• Tidak ada hasil yang ditemukan

Sistem Ekonomi: Barat-Modern vs Islam

Dalam dokumen Rekonsepsi Ekonomi Islam - Al-Iqtishad (Halaman 30-37)

Kehidupan dalam pandangan Barat-Modern adalah sebuah tatanan positif-sekuler; aturan positif-sekuler (akal/logika yang dibebaskan dari panduan moral) sebagai aturan yang paling tinggi, di mana konsekuensinya aturan moral tunduk dibawah otoritas aturan positif-sekuler. Di dalam tatanan positif-sekuler, peran Tuhan tidak wujud didalam kehidupan, tetapi manusia itu sendiri dengan akalnya adalah tuhan, manusia lah yang menentukan arah dan cara berkehidupan.
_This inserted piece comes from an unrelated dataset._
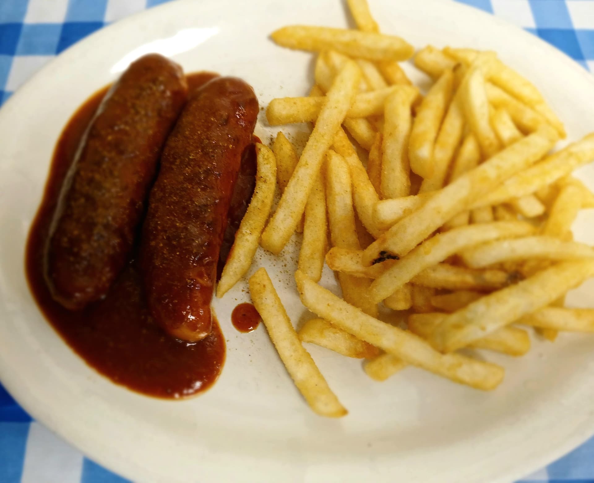 fried German Hot Dog & homemade Curry-Ketchup with French Fries or Kaiser Roll

Pandangan ini yang menentukan cara berekonomi dan sistem ekonomi yang dibangunkan oleh Barat untuk kehidupan.

Sekalipun demikian, kaum barat-modern yang telah mendayagunakan akal sedemikian rupa telah berhasil membuat kemajuan dalam hal alam materi (tidak dalam hal spiritual), ketika akal dibebaskan dari hambatan-hambatan (dengan menganggap panduan moral juga sebagai hambatan) akal telah meruntuhkan tatanan moral agama dan menggantinya dengan tatanan sekuler. Di satu sisi, kemaujuan yang dihasilkan alam materinya membawa peradaban Barat menjadi peradaban yang unggul tak tertandingi secara kekuatan dan kekuatannya dimanfaatkan untuk memperbesar pengaruh dan hegemoninya ke seluruh dunia. Peradaban Barat-Modern telah menjadi prakarsa atas misi pewujudan tatanan dunia baru (dunia modern) (tidak terkecuali lewat aksi penjajahannya ke atas dunia).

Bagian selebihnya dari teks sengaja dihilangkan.